- Born: Ann Philippa Wylie 12 April 1922 Wellington, New Zealand
- Died: 27 December 2024 (aged 102) Dunedin, New Zealand
- Occupation: Botanist
- Relatives: Cathy Wylie (niece)

Academic background
- Alma mater: University of Otago
- Thesis: Vascular anatomy of New Zealand's malvaceous trees (1945)

Academic work
- Institutions: University of Manchester; University of Otago;

= Ann Wylie =

New Zealand botanist (1922–2024)

Ann Philippa Wylie (12 April 1922 – 27 December 2024) was a New Zealand botanist. She was an associate professor at the University of Otago before her retirement in 1987.

== Early life and family ==
Wylie was born in Wellington on 12 April 1922, the daughter of surgeon David Storer Wylie, who survived the sinking of the SS Marquette in 1915, and his second wife, Isobel Edith Wylie (née Daplyn). She was educated at Nga Tawa Diocesan School near Marton, and went on to study at the University of Otago. She completed her Master of Science degree with first-class honours in botany in 1945, and a Diploma of Honours in zoology the following year.

Wylie began working at the Wheat Research Institute at Lincoln in November 1946, carrying out experimental and statistical work. Also in 1946, Wylie was awarded a postgraduate science scholarship by the University of New Zealand, to fund two years of overseas study.

== Academic career ==
In 1944, Wylie was completing her honours degree in the Department of Botany at the University of Otago when Professor John Holloway retired suddenly through ill health. Alongside Betty Batham, Margaret Cookson and Brenda Shore, Wylie took up teaching to keep the department going.
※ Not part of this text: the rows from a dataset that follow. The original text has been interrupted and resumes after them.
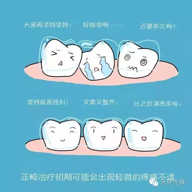 正畸治疗开始1至2周内有不适感均属正常现象,不必太过担心。矫治器初次戴用后及每次复诊加力后,牙齿出现轻度反应性疼痛、酸胀、不适或松动等,属于正常反应,一般在3至7天内减轻或消除。如有其它严重不适,请与医生联系。
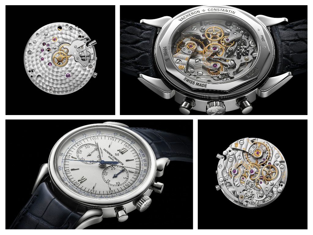 Poi torniamo agli anni Cinquanta e a un cronografo Vacheron Constantin, il primo a tenuta stagna e antimagnetico; quello attuale ne riprende elementi salienti, ma il movimento di Manifattura è il nuovo Calibro 1142 a carica manuale, 164 elementi, 21 rubini, 21.600 A/h, con ruota a colonne la cui vite è a forma di croce di Malta simbolo della Marca. La cassa ø 38,50 mm è in platino mentre l’originale del passato era in oro giallo e aveva un diametro di 35 mm (misura che oggi a malapena viene impiegata nei modelli da donna), la protezione antimagnetismo era una leggera cassa interna in ferro dolce.
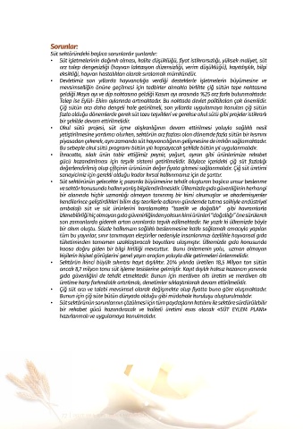 Süt sektöründeki başlıca sorunlardır şunlardır:

Wylie submitted her master's thesis, titled Vascular anatomy of New Zealand's malvaceous trees in 1945, while resident in St Margaret's College.

Wylie went to the University of London in 1947, and then lectured at the University of Manchester. Returning to New Zealand, she worked in the Department of Botany at the University of Otago, setting up courses on cytology and genetics, and teaching both zoology and botany students.

In an interview given in her nineties, Wylie recalled that "women were well accepted in zoology and botany and she did not experience prejudice, though she also notes that women lecturers behaved as ‘honorary men’; it was they who had to adapt rather than the men."

Wylie rose to associate professor before retiring in 1987.

In 2017, Wylie was selected as one of the Royal Society Te Apārangi's 150 women in 150 words. She celebrated her 100th birthday on 12 April 2022, and died in Dunedin on 27 December 2024, at the age of 102.